The rest is self-explanatory. Inside the constructor, on line 17, we check whether the filename given to us ends with an extension. If so, we eliminate the extension and save the result as the FileName that will have the transpiled file.

The First Steps

Now we can start seeing the first operations of a transpilation. For reference, this is a simple file created by exporting some VBA code from Excel.

To transpile this code to VB.NET we want to eliminate the header (VERSION etc.) and the config parts (Attribute etc.), but we need to keep the Option statement.

In the function EnterAttributeStmt, we first check whether the attribute VB_Name is present. If so, we use it to get the definitive name of the transpiled file. We then delete all attributes, including VB_Name on line 10. This is the same instruction that we use also to delete all header and config parts in the proper functions. These functions are not shown here, but you can see them in the companion repository.

In EnterModuleDeclarationsElement instead we check whether any Option is present. If so, we save the position where the last Option ends. We do this, because we have to add some Imports to the VB.NET files. Usually the Imports are at the beginning of the file, but an Option statement must be put before anything else. So, if an Option is present it must be put first.

Wrapping Everything with a Module

Before looking at some examples of how to transpile specific statements, let’s conclude the overall view. Most of the VBA code is in a bunch of sparse functions and variables. This is not permissible in VB.NET, so we have to put everything inside a module. We do this at the end of our traversal of the tree. By doing this way, we are sure that the elements we add here are exactly where they should be. So, they are not accidentally moved by something else.

On line 7 we gather all the imports that we need for our specific project. In this simple case we just store them in a string. We also add the start of the module declaration.

Then we do what we anticipated in the previous section: if there is an option we put the imports after that, otherwise we put the imports at the beginning of the file.

Finally, we put the End Module statement right at the end of the file.

Mind the Distance

As we said, VBA and VB.NET are quite similar, but there are some differences that we have to consider. In this section we see one of the common ones, we will see another one in the second-pass.

One difference pertains the Erase statement. In VBA this statement deletes and re-initializes the array. However, in VB.NET it basically assign the array to Nothing. Therefore after an Erase statement we would now have a variable that is invalid.

The solution that we use, on line 17, is to call the Array.Clear procedure to re-initialize every element of the array.

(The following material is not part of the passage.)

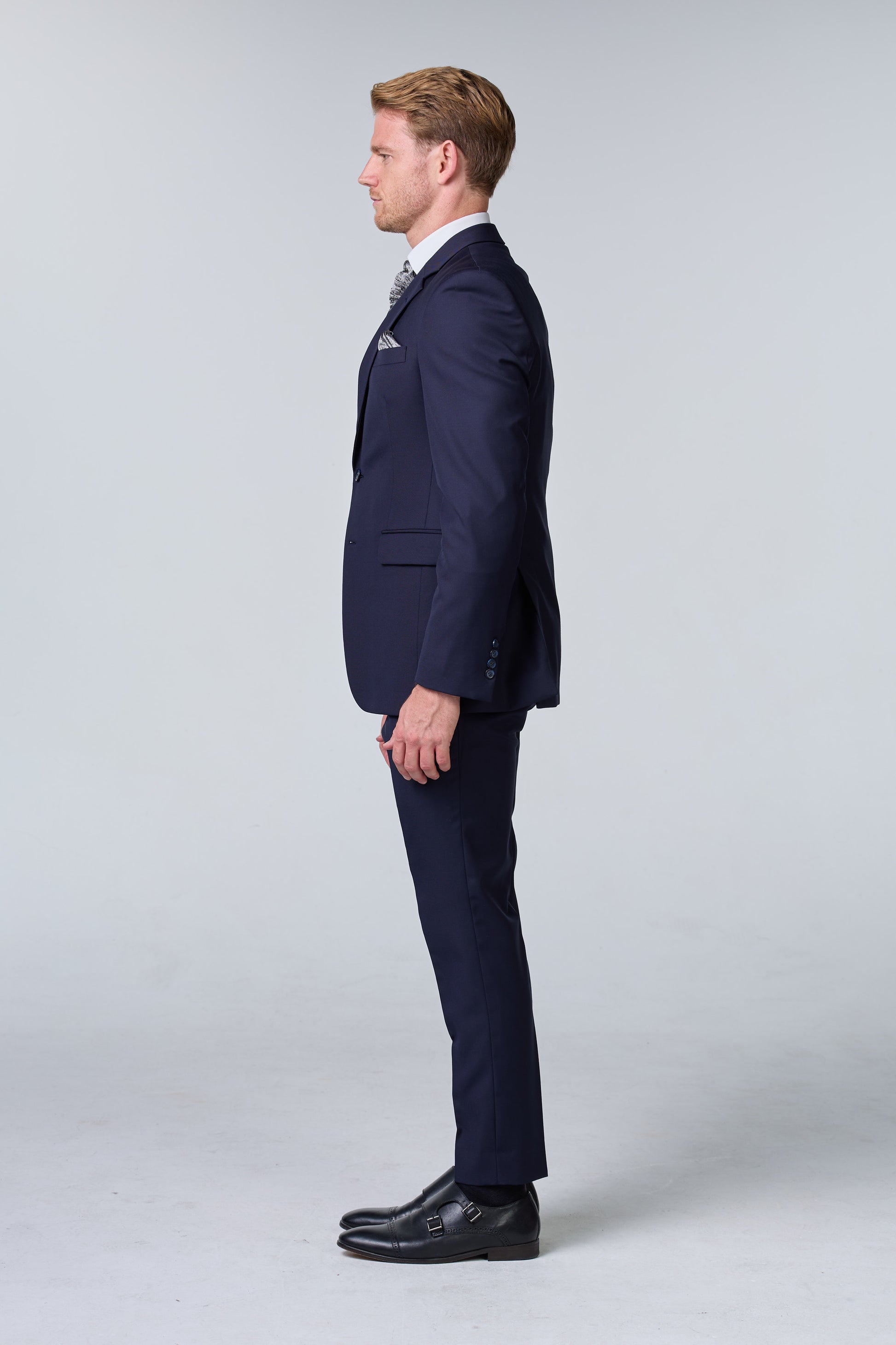 Klassischer Hochzeitsanzug aus Wolle-Satin Ein klassischer Hochzeitsanzug aus Wolle-Satin, ideal für Bräutigame, die einen eleganten Look bevorzugen.

However, there is a problem: this works for fixed-size arrays, but it does not work for dynamic size arrays. For these arrays, we could leave the Erase statement as it is to obtain the desired behavior.

The problem is that we have to understand whether we are dealing with fixed-size arrays or dynamic arrays. How can we do that? That would be job for a two-pass solution: in the first-pass we would record the kind of array declared in any declaration and in the second-pass we would transpile the Erase statements. We would need two passes because there are global declaration that can be in one file and used in other files. However we do not do any of this here to keep the article of a manageable length. Instead we see a more complex example of a problem that requires a two-pass solution.

Transpiling Types into Structures

A Type in VBA is a custom data type that can be created by the user. Looking at the VB.NET documentation we can see that a Structure is the corresponding element in VB.NET:

A structure is a generalization of the user-defined type (UDT) supported by previous versions of Visual Basic. In addition to fields, structures can expose properties, methods, and events. A structure can implement one or more interfaces, and you can declare individual access levels for each field.

Sounds goods, right? There is a problem, though. Try to transpile the following Type.

Into a corresponding Structure.

You will get an error from the compiler:

Arrays declared as structure members cannot be declared with an initial size

So, we can only transpile the array field Text in this way.

The problem, of course, is that the two pieces of code are obviously quite different. So, how do we solve this issue? We have to transpile the array fields in the only way we can, than we have to initialize them in some way.

Changing a Type into a Structure

We begin with changing a Type into a Structure.

Inside the function EnterTypeStmt we have to do a few things. First, we need to set the current type name and setup the element that will contain the initializer for the Structure (lines 4-6). The current type name will be used when visiting the declarations of the individual type fields (line 13).

Then we change the keyword Type into the keyword Structure (lines 8-9).

Finally, in the lines (11-16) we take the global visibility of the original Type and we apply it to every element of the Structure.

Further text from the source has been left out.